• WHAT YOU NEED TO DO: Should an entry contain an image, leave the image out and repeat the entry's text exactly.

• INFORMATION SHOWN:
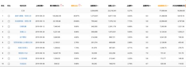 业内某资深数据分析师也认为,今年9月无论是观影人次还是票房总额都和2018年同期相比都有较大差距,甚至会低于去年同期。他认为9月并不会有10亿体量的引进片定档,多数引进片的票房区间在1—5亿。
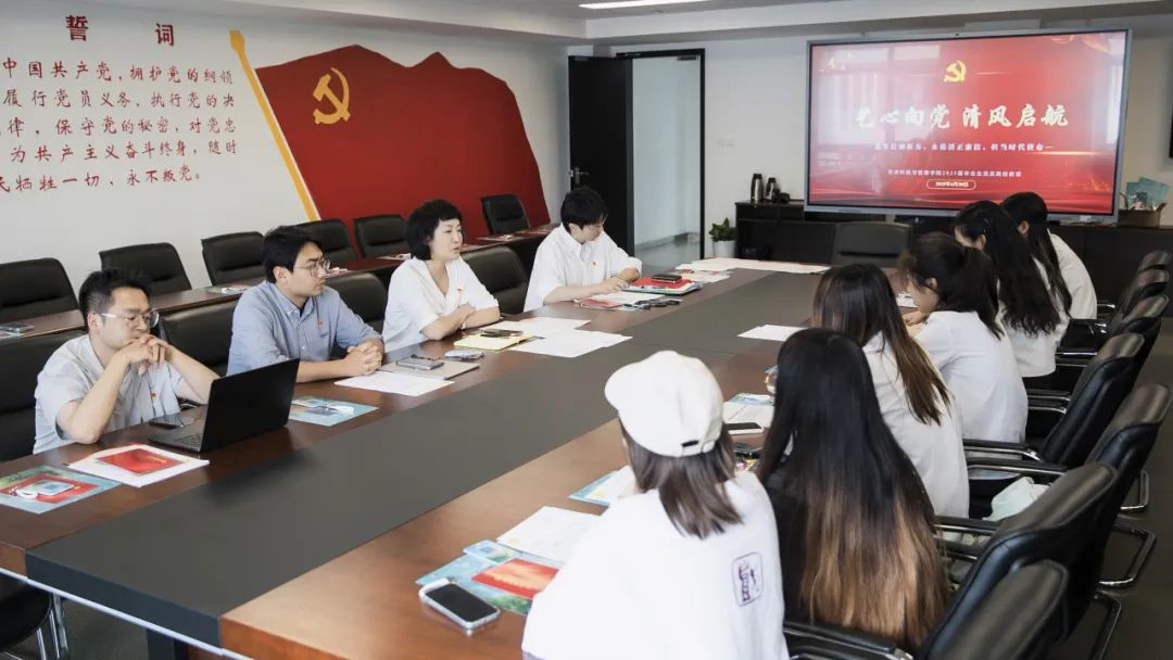 为深入贯彻中央八项规定精神学习教育,引导毕业生党员锤炼党性、筑牢思想根基,扣好步入社会的“第一粒扣子”,艺术科技与管理公司党总支于6月20日下午在昌林路校区1号楼北楼604党建活动室,举行“艺心向党,清风启航”2025届毕业生党员离校教育主题党日。公司党总支副书记唐芳、薛嘉,员工第一党支部书记孔小磊、第二党支部书记陈龙及2025届毕业生党员代表出席。
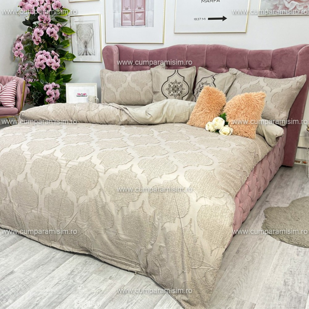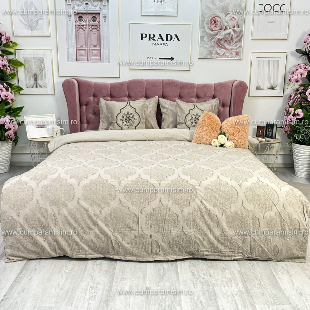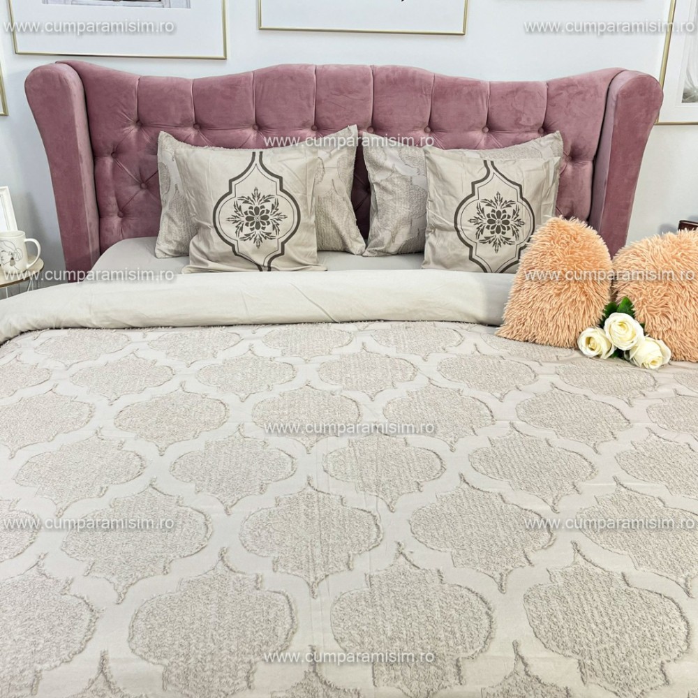 Lenjerie de pat dublu din finet satinat, 4 anotimpuri, cu smocuri brodate (tesatura din fabrica, ci nu imprimata, cu inaltime de 1 cm), confectionata din bumbac 100%, cu 6 piese. Materialul are un aspect lucios, cu smocuri brodate in relief, pentru o nota de eleganta si rafinament, facand astfel tesatura speciala atat prin calitate cat si prin design-ul sau unic.
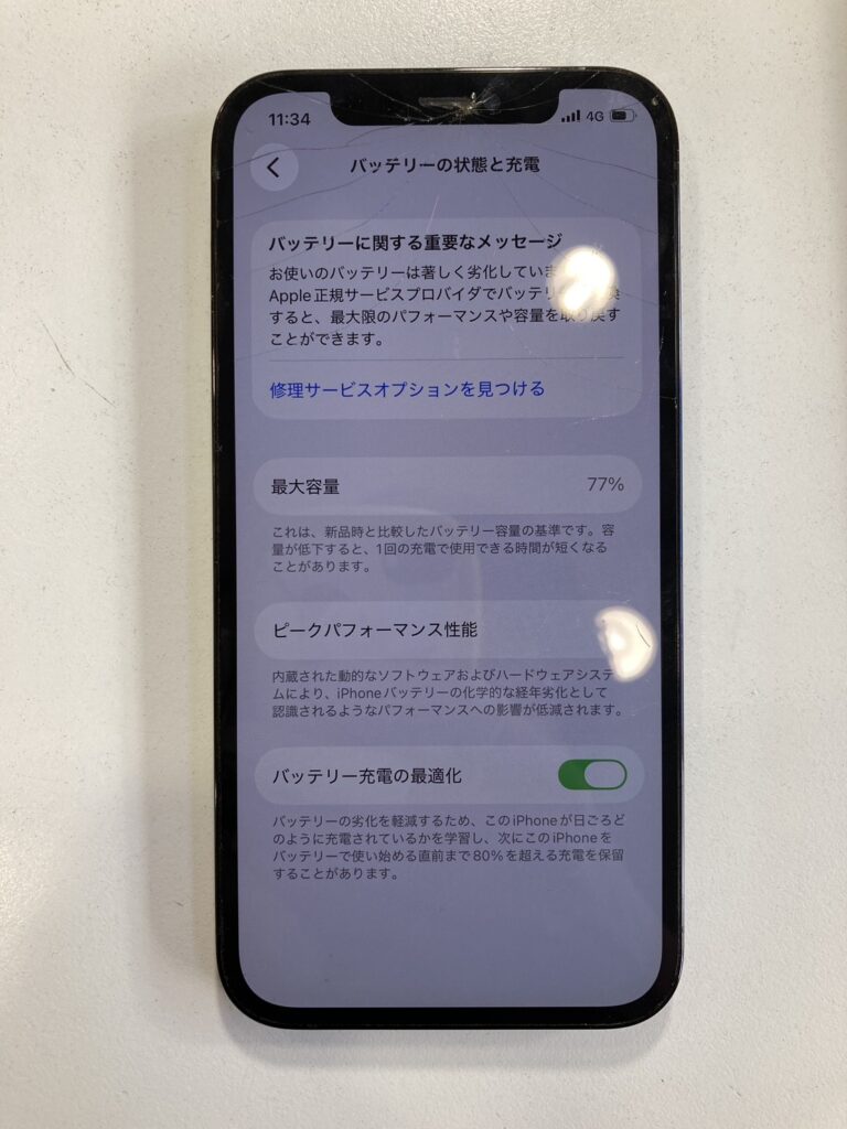 今回は、画面交換と併せてバッテリー交換も行いました。バッテリー交換は定期的に交換していただきたいもので、バッテリー最大容量が80%を下回ったり、減りが早いと感じたりしたときに交換するのが良いでしょう。そして、バッテリー交換前のメッセージを見てみますと、「お使いのバッテリーは著しく劣化しています」というメッセージがありますね。
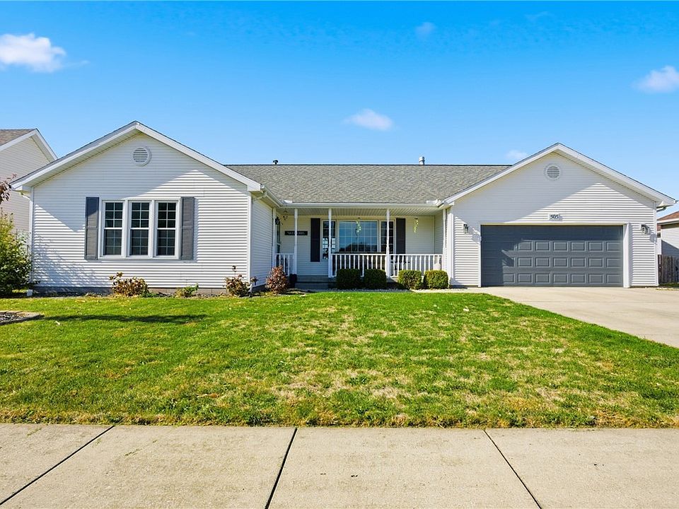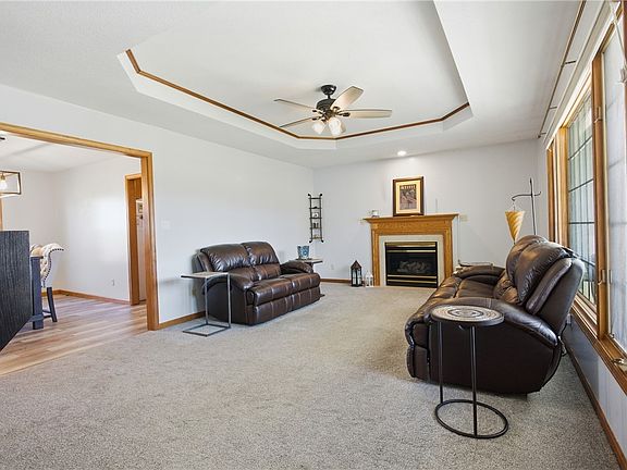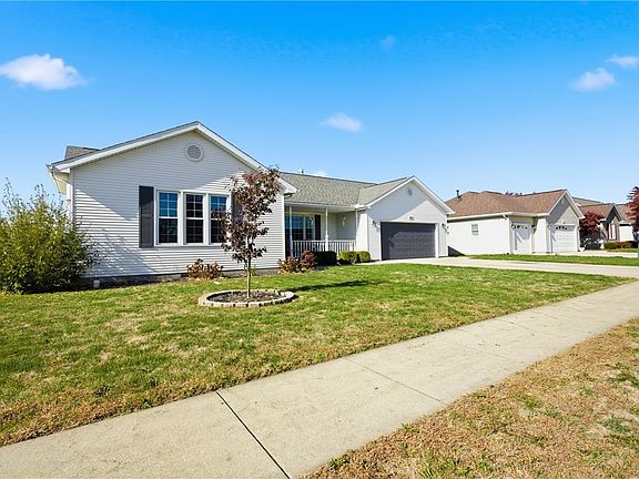 As you enter, you'll first notice the nicely sized front porch, perfect for enjoying your morning coffee or relaxing in the evening. This residence boasts nearly 1,800 square feet of comfortable living space, featuring three spacious bedrooms and two and a half baths. Step inside to be greeted by a generous living room with a tray ceiling plus a cozy gas fireplace, perfect for colder evenings. The large bay window floods the space with natural light, creating a warm and inviting atmosphere. The dining room is adorned with sleek laminate flooring, seamlessly flowing into the kitchen. The kitchen features white appliances, beautiful oak cabinetry, and a substantial island that provides ample space for meal preparation and gatherings. Step down into the sunken family room, which has been upgraded with newer laminate flooring. This cozy area is conveniently adjacent to the laundry room and the half bath, offering ease of access for daily living. The home’s three bedrooms are all generously sized, with the master suite being a standout feature. It offers an oversized layout complemented by a walk-in closet and a master bath equipped with a modern walk-in shower. The backyard is an entertainer's dream, featuring a large deck that surrounds an above-ground pool, along with a cozy fire pit area for gatherings under the stars. The two-car attached garage is not only spacious but also includes a mini split unit for heating and cooling, ensuring comfort year-round. This home boasts several recent updates, including a furnace and AC unit (both installed in 2017), a brand-new hot water heater (2024), and an updated mini split in the garage (2023). Additionally, all flooring throughout the home, including laminate and carpet in the bedrooms and living room, has been newly installed. Solar panels are included and are PAID off with the electric bills costing around $8.00 per month/warranty transferrable. This ranch home combines comfort, style, and functionality—schedule your visit today to explore all this fantastic property has to offer!
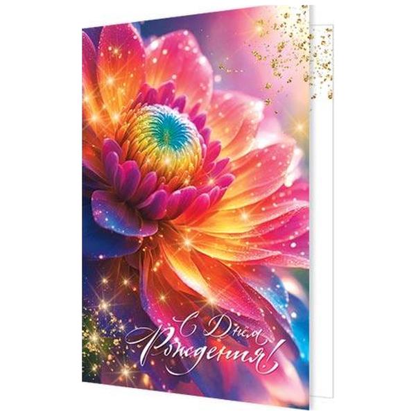 Открытка Мир открыток 2-46 С Днем рождения! Яркий цветок, 194*251мм, рельеф, золотые блестки, текст
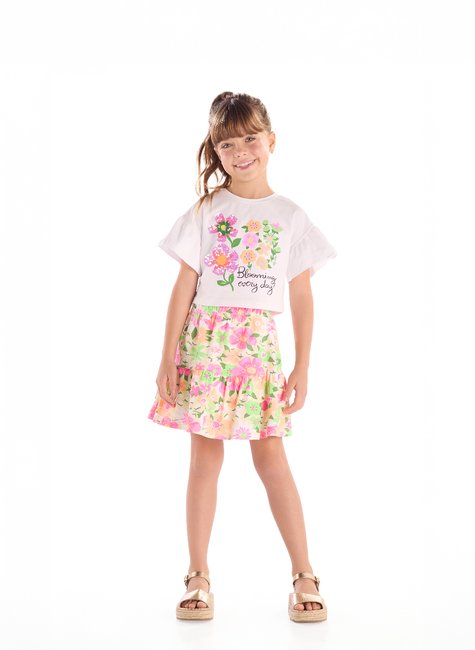 Conjunto para menina composto por blusa em tecido de algodão e saia em cotton com short interno também em algodão. A blusa apresenta cava levemente deslocada com babado franzido nas mangas e estampa de flores bordadas em paetê delicado. A saia rodada possui elástico na cintura, recorte franzido na frente e nas costas e estampa floral por toda a peça. Perfeito para passeios e ocasiões especiais, une estilo e delicadeza para acompanhar a pequena em qualquer momento.
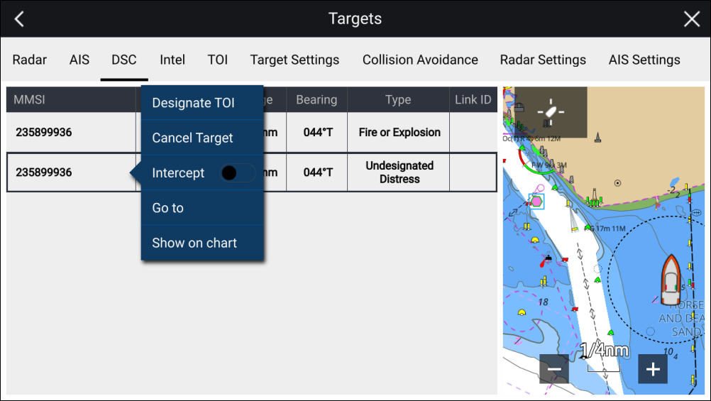 DSCTarget listThe DSC target list can be accessed from the Targets menu in the Radar app and Chart app:
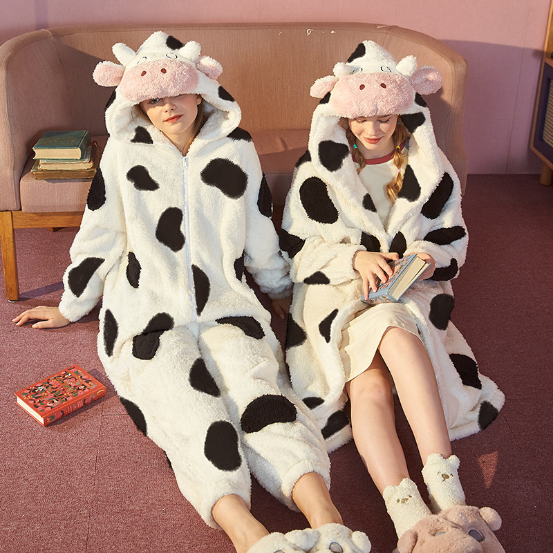 唐狮奶牛睡衣女冬长款连帽睡袍可爱连体睡衣裤厚可外穿家居服晨袍
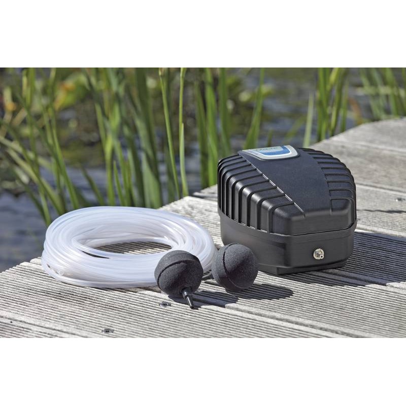 Комплект аерації для ставка від німецького виробника OASE призначений для підтримки біобалансу в водоймі шляхом додавання в воду кисню. Для всієї рослинності і живності ставків це необхідно як в спеку так і зимові морози. Робота пристрою відрізняється гранично низьким рівнем шуму.
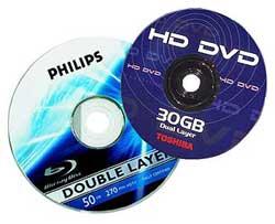 Toshiba, de son côté, riposte avec le HD-DVD (15 à30 Go de capacité) soutenu par Universal Pictures, Warner Bros, Sanyo et Microsoft. La prochaine console XBox-360 équipée d'un lecteur classique de DVD, ne lira pas toutefois les HD-DVD.
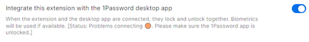 The integration between the desktop app and the browser extension is no longer working. When I check the box in the 1Password extension settings to Integrate this extension with the 1Password deskto...
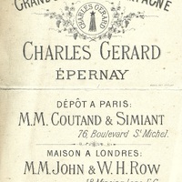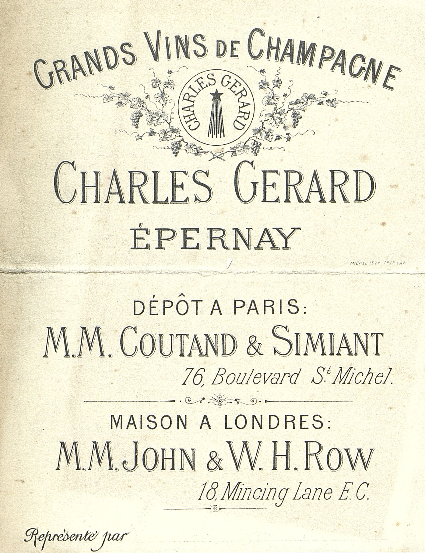 Carte de représentant commercial pour les vins Charles Gérard. Au dos les adresses des déposants de la marque à Paris et Londres.
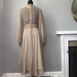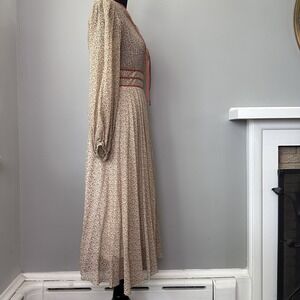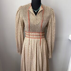 Vintage Jonathan Logan Dress Womens 8 Tan Red Floral Prairie Maxi Long Sleeve USA 70s
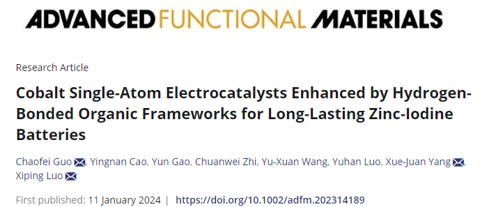 近日,MK体育化学学科新能源材料与传感器件团队在国际知名期刊《Advanced Functional Materials》(中科院1区Top,IF=19)在线发表题为“Cobalt Single-Atom Electrocatalysts Enhanced by Hydrogen-Bonded Organic Frameworks for Long-Lasting Zinc-Iodine Batteries”(用于长效锌碘电池的氢键有机框架增强的钴单原子电催化剂)的研究论文。本校青年教师郭超飞博士为第一兼通讯作者,化学学科罗锡平教授和杨雪娟老师为通讯作者。MK体育为第一单位,合作单位为上海大学,温州大学和香港城市大学。
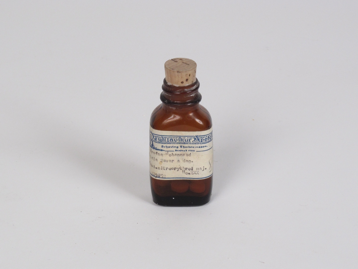 Lyfjaglas frá Reykjavíkurapóteki merkt Hrefnu Jóhannsdóttur. Kom ásamt dóti úr fórum Árna Helgasonar lækni en hann var eiginmaður Hrefnu.
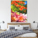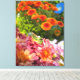 Black Swallowtail butterfly caterpillar resting on colorful mums in the garden on Wrapped canvas print.

• WRITTEN ANSWER:
 业内某资深数据分析师也认为,今年9月无论是观影人次还是票房总额都和2018年同期相比都有较大差距,甚至会低于去年同期。他认为9月并不会有10亿体量的引进片定档,多数引进片的票房区间在1—5亿。
 为深入贯彻中央八项规定精神学习教育,引导毕业生党员锤炼党性、筑牢思想根基,扣好步入社会的“第一粒扣子”,艺术科技与管理公司党总支于6月20日下午在昌林路校区1号楼北楼604党建活动室,举行“艺心向党,清风启航”2025届毕业生党员离校教育主题党日。公司党总支副书记唐芳、薛嘉,员工第一党支部书记孔小磊、第二党支部书记陈龙及2025届毕业生党员代表出席。
 Lenjerie de pat dublu din finet satinat, 4 anotimpuri, cu smocuri brodate (tesatura din fabrica, ci nu imprimata, cu inaltime de 1 cm), confectionata din bumbac 100%, cu 6 piese. Materialul are un aspect lucios, cu smocuri brodate in relief, pentru o nota de eleganta si rafinament, facand astfel tesatura speciala atat prin calitate cat si prin design-ul sau unic.
 今回は、画面交換と併せてバッテリー交換も行いました。バッテリー交換は定期的に交換していただきたいもので、バッテリー最大容量が80%を下回ったり、減りが早いと感じたりしたときに交換するのが良いでしょう。そして、バッテリー交換前のメッセージを見てみますと、「お使いのバッテリーは著しく劣化しています」というメッセージがありますね。
 As you enter, you'll first notice the nicely sized front porch, perfect for enjoying your morning coffee or relaxing in the evening. This residence boasts nearly 1,800 square feet of comfortable living space, featuring three spacious bedrooms and two and a half baths. Step inside to be greeted by a generous living room with a tray ceiling plus a cozy gas fireplace, perfect for colder evenings. The large bay window floods the space with natural light, creating a warm and inviting atmosphere. The dining room is adorned with sleek laminate flooring, seamlessly flowing into the kitchen. The kitchen features white appliances, beautiful oak cabinetry, and a substantial island that provides ample space for meal preparation and gatherings. Step down into the sunken family room, which has been upgraded with newer laminate flooring. This cozy area is conveniently adjacent to the laundry room and the half bath, offering ease of access for daily living. The home’s three bedrooms are all generously sized, with the master suite being a standout feature. It offers an oversized layout complemented by a walk-in closet and a master bath equipped with a modern walk-in shower. The backyard is an entertainer's dream, featuring a large deck that surrounds an above-ground pool, along with a cozy fire pit area for gatherings under the stars. The two-car attached garage is not only spacious but also includes a mini split unit for heating and cooling, ensuring comfort year-round. This home boasts several recent updates, including a furnace and AC unit (both installed in 2017), a brand-new hot water heater (2024), and an updated mini split in the garage (2023). Additionally, all flooring throughout the home, including laminate and carpet in the bedrooms and living room, has been newly installed. Solar panels are included and are PAID off with the electric bills costing around $8.00 per month/warranty transferrable. This ranch home combines comfort, style, and functionality—schedule your visit today to explore all this fantastic property has to offer!
 Открытка Мир открыток 2-46 С Днем рождения! Яркий цветок, 194*251мм, рельеф, золотые блестки, текст
 Conjunto para menina composto por blusa em tecido de algodão e saia em cotton com short interno também em algodão. A blusa apresenta cava levemente deslocada com babado franzido nas mangas e estampa de flores bordadas em paetê delicado. A saia rodada possui elástico na cintura, recorte franzido na frente e nas costas e estampa floral por toda a peça. Perfeito para passeios e ocasiões especiais, une estilo e delicadeza para acompanhar a pequena em qualquer momento.
 DSCTarget listThe DSC target list can be accessed from the Targets menu in the Radar app and Chart app:
 唐狮奶牛睡衣女冬长款连帽睡袍可爱连体睡衣裤厚可外穿家居服晨袍
 Комплект аерації для ставка від німецького виробника OASE призначений для підтримки біобалансу в водоймі шляхом додавання в воду кисню. Для всієї рослинності і живності ставків це необхідно як в спеку так і зимові морози. Робота пристрою відрізняється гранично низьким рівнем шуму.
 Toshiba, de son côté, riposte avec le HD-DVD (15 à30 Go de capacité) soutenu par Universal Pictures, Warner Bros, Sanyo et Microsoft. La prochaine console XBox-360 équipée d'un lecteur classique de DVD, ne lira pas toutefois les HD-DVD.
 The integration between the desktop app and the browser extension is no longer working. When I check the box in the 1Password extension settings to Integrate this extension with the 1Password deskto...
 Carte de représentant commercial pour les vins Charles Gérard. Au dos les adresses des déposants de la marque à Paris et Londres.
 Vintage Jonathan Logan Dress Womens 8 Tan Red Floral Prairie Maxi Long Sleeve USA 70s
 近日,MK体育化学学科新能源材料与传感器件团队在国际知名期刊《Advanced Functional Materials》(中科院1区Top,IF=19)在线发表题为“Cobalt Single-Atom Electrocatalysts Enhanced by Hydrogen-Bonded Organic Frameworks for Long-Lasting Zinc-Iodine Batteries”(用于长效锌碘电池的氢键有机框架增强的钴单原子电催化剂)的研究论文。本校青年教师郭超飞博士为第一兼通讯作者,化学学科罗锡平教授和杨雪娟老师为通讯作者。MK体育为第一单位,合作单位为上海大学,温州大学和香港城市大学。
 Lyfjaglas frá Reykjavíkurapóteki merkt Hrefnu Jóhannsdóttur. Kom ásamt dóti úr fórum Árna Helgasonar lækni en hann var eiginmaður Hrefnu.
 Black Swallowtail butterfly caterpillar resting on colorful mums in the garden on Wrapped canvas print.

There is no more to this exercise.